Former Swiss president elected KiE Secretary General

The Council of Europe elected former Swiss President Alain Berset as the next secretary general on Tuesday evening. Strasbourg-based Human Rights Organisation's 306-member parliament held a secret vote in two rounds Tuesday. Beset won the second round with 114 votes for Tuesday afternoon. [...]
The Council of Europe elected former Swiss President Alain Berset as the next secretary general on Tuesday evening.
Strasbourg-based Human Rights Organisation's 306-member parliament held a secret vote in two rounds Tuesday. Beset won the second round with 114 votes for Tuesday afternoon. Former Culture Minister of Estonia Indrik Saar received 85 votes in the second round, and Belgian candidate Didier Reynders came in third with 46 votes, reports politicco.eu.

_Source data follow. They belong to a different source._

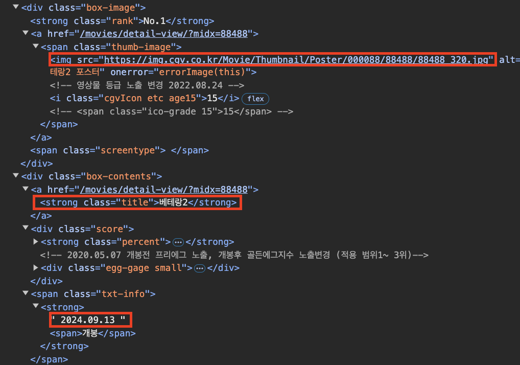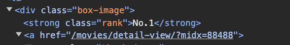 이곳에서 우리가 얻을 수 있는 값은 box-contents 라는 div 태그 안에 title 이라는 class에 영화제목이 담겨있다는 것.
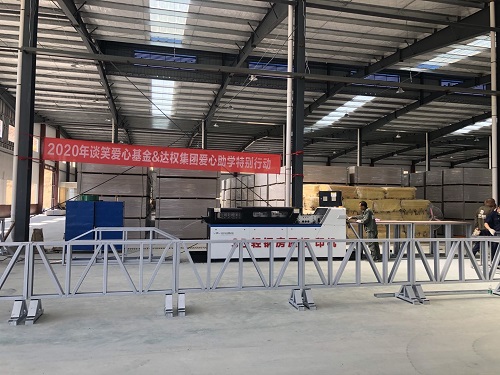 隨后,在廠區相關人員的帶領下6名學子參觀了達權集團裝配式產業園區,走進新的生產車間,看著正在忙碌的生產人員,集團董事龐達權指著前面的生產設備告訴大家:“這是我們集團目前引進的最先進的生產線——3D輕鋼房屋打印生產線,并告訴大家傳統混凝房屋建造大概需要半年的時間才能完成,而這種技術建造房屋只需要20天左右,所有的結構龍骨都由它來完成,在未來住房將會像搭積木一樣簡單。
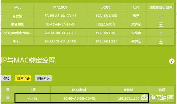 点击上图中各终端条目的 添加到绑定设置,在IP与MAC绑定设置 中会自动显示该条目,即表示绑定成功,如下图:
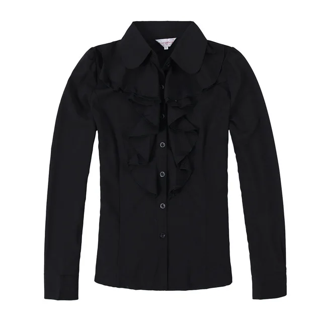 Женская шифоновая блузка с длинным рукавом, Офисная белая блузка с оборками и отложным воротником в Корейском стиле, весна-осень
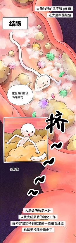 剩余的物质进入大肠,大肠独特的温度和pH值让大量细菌繁殖,大肠会吸收走水分以及完成最后的消化工作。
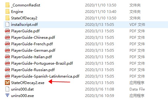 2、在根目录中找到StateOfDecay2.exe,双击它就能进入游戏了;
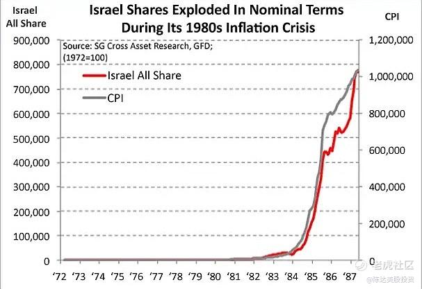(以色列股市股价(红线)与以色列通货膨胀(灰线)在80年代超级通胀时的表现,来源:SG Cross Asset Research)
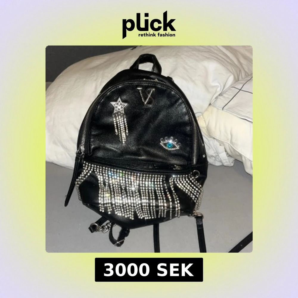 Svart ryggsäck med strassdetaljer från Love Victoria
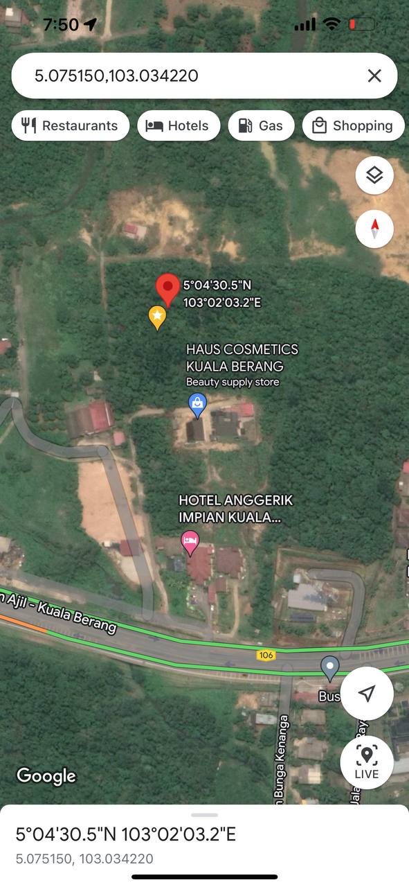 Lokasi: Jalan Ajil-Kuala Berang, Belakang Hotel Anggerik Impian Kuala Berang. (5°04’30.5″N 103°02’03.2″E)
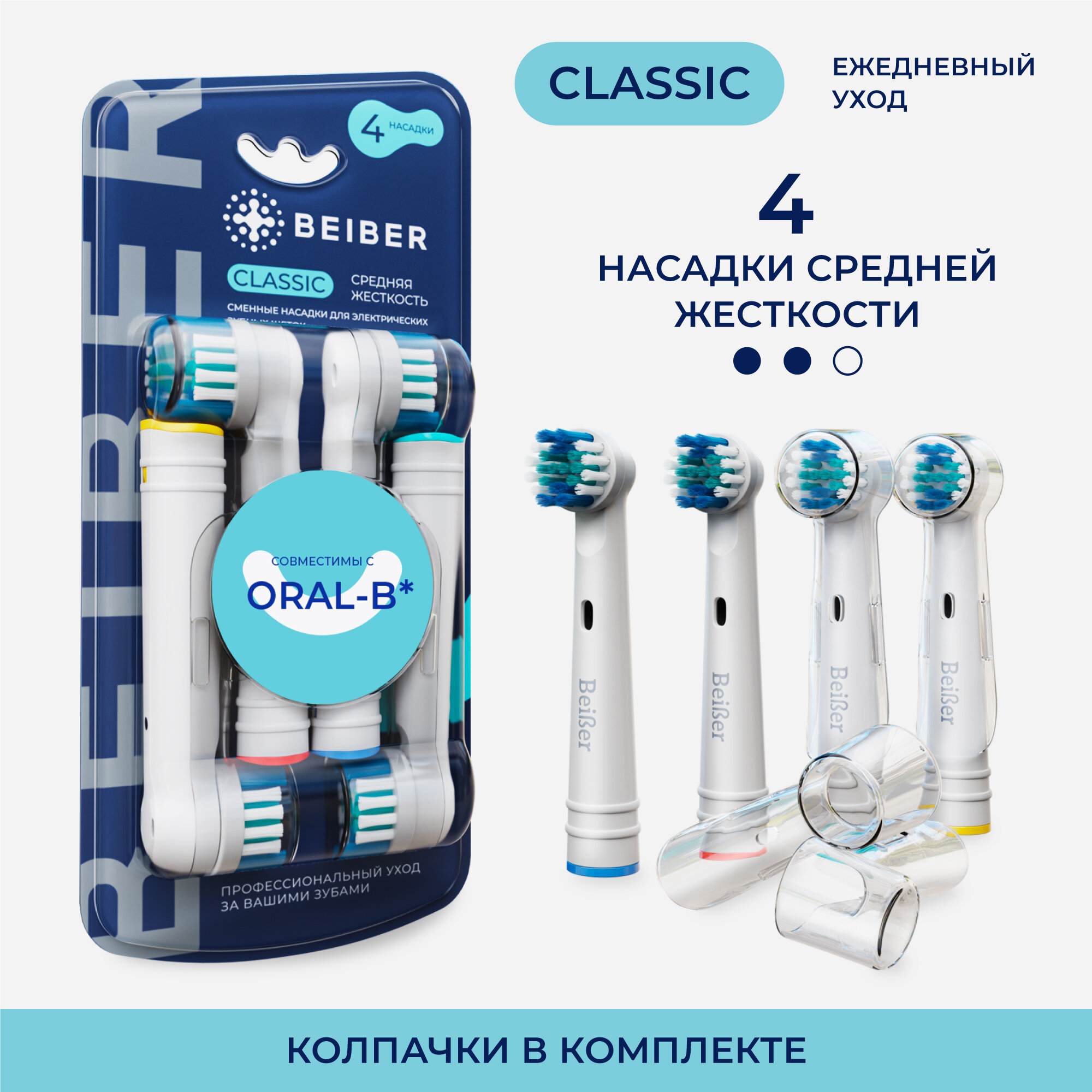 Насадка для электрической зубной щетки BEIBER CLASSIC совместимые с Oral-B, 4 шт
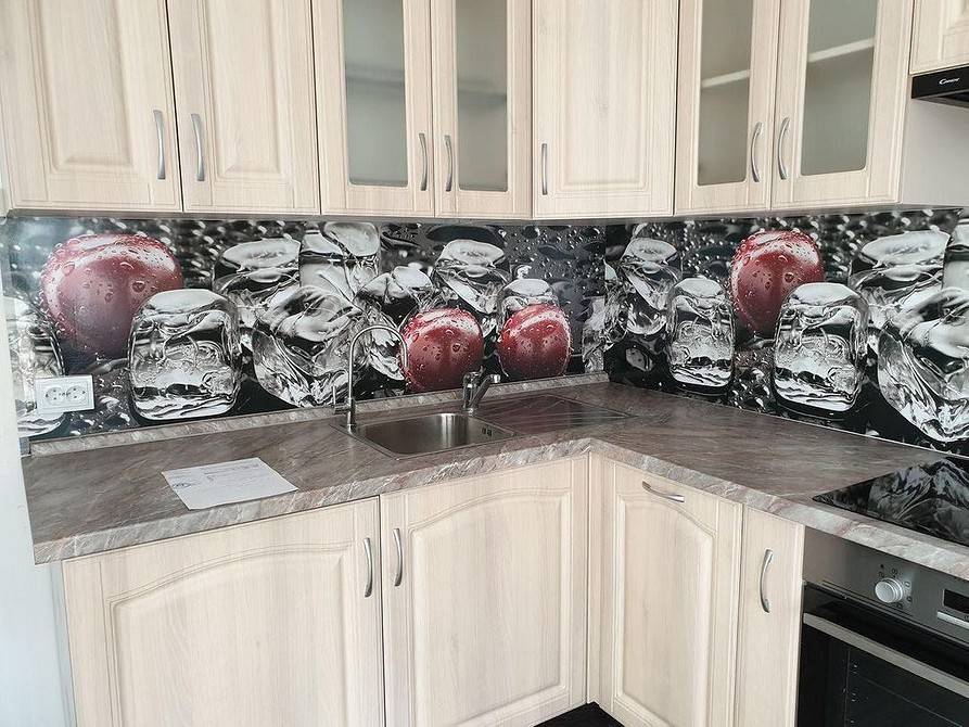 Важно, чтобы материал в районе фартука бал влагоустойчивым и жаропрочным. При этом отделка не должна впитывать влагу. В качестве декора применяются разнообразные сюжетные линии
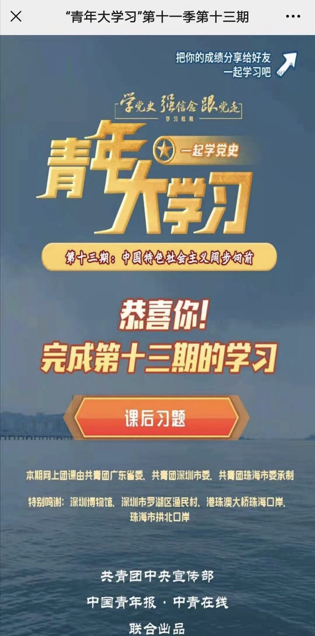 本次团课结束后,团支书组织本班学生学习青年大学习第十一季第十三期。
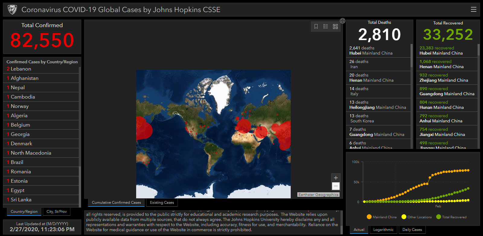 এই ম্যাপটি আপনাকে সারা বিশ্বে করোনা ভাইরাস সংক্রমিত হবার তথ্য দেবে। আপনি চাইলে সংক্রমিত এলাকাও এই ম্যাপের মাধ্যমে দেখতে পারেন। পূর্ব সতর্কতার দরুন, আপনি কোথাও ভ্রমণ করতে চাইল আগেই করোনা ভাইরাস আক্রান্ত জায়গা চিহ্নিত করে নিতে পারেন। এই ভাইরাস থেকে বাঁচতে কাশি দেওয়ার সময় হাত দিয়ে মুখ ঢেকে নিন, এবং পরবর্তীতে হাত ধুয়ে নিন, বাইরে বের হলে মাস্ক ব্যবহার করুন এবং আক্রান্ত ব্যক্তি থেকে দূরে থাকুন।
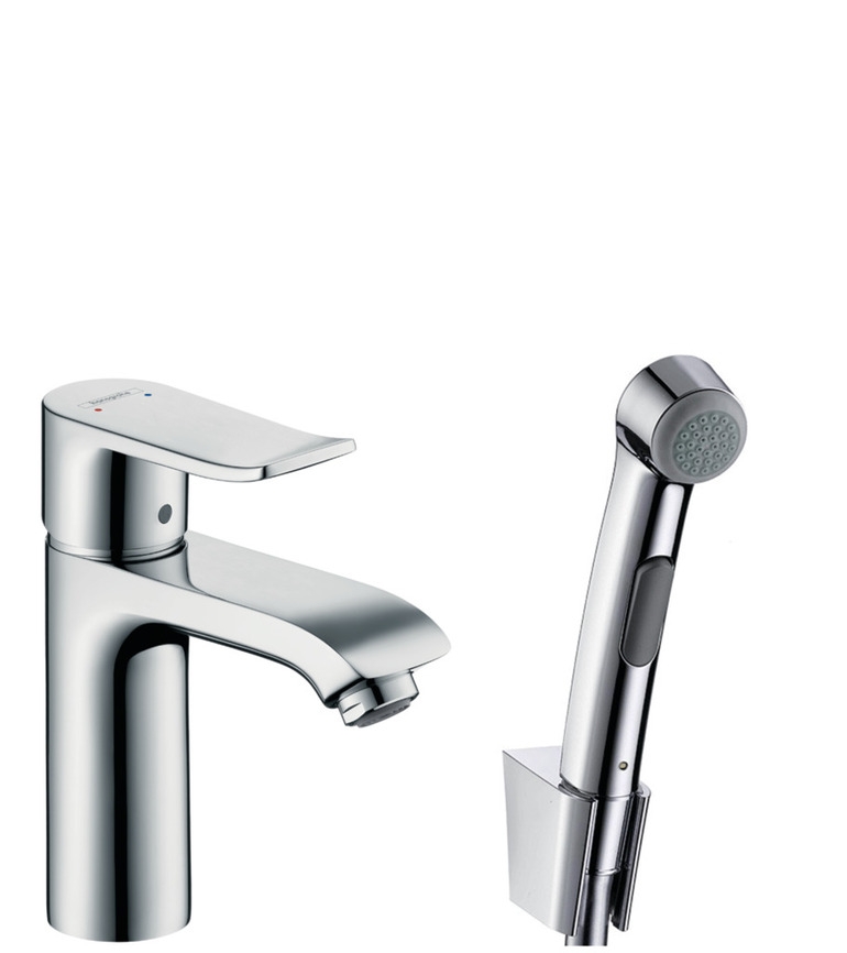 Hansgrohe Metris смеситель для раковины 110 мм с гигиеническим душем, хром 31285000
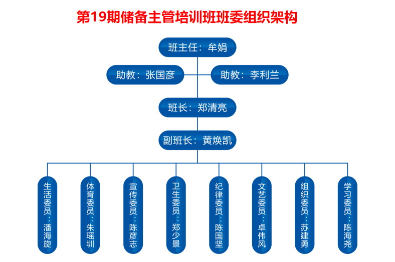 升级版的第19期培训班采取众人参与,由学员自定班名、班级口号、班歌、班舞,竞选班委,发挥所长,职能明确,构成本期班委组织架构。最终以《启航班》命名,树立“扬青春之帆,为梦想启航”的学习目标,结合课堂理论、案例教学、情景演练、士气展示与舞蹈表演,通过培训提升能力、增强自信、挑战困难、蜕变成蝶。祝福又一批学员们!

The Council of Europe has 46 member states and includes the European Court of Human Rights. It's an independent body separate from the European Union. Its secretary general is elected for five years.
As Politico.eu writes, Reynders' loss is a major obstacle to the liberal Belgian politician who ran to lead the Council of Europe in 2019 but also lost that race.
It is expected to return to the European Commission as chief of justice by autumn, but it is unclear where it will go next, amid a European Union review of the Commission's upcoming mandate.
New Secretary Alan Berset is expected to start working in September.
He is a member of the Social Democrats and served as president of Switzerland in 2018 and again in 2023. He was minister of health and interior during the COVID-19 pandemic. He announced he would withdraw as president in June 2023, adding at the time that there were no concrete plans for what would happen next.
The current secretary general, former Croatian Foreign Minister Marija Pejcinovic Buric, did not run for a second term.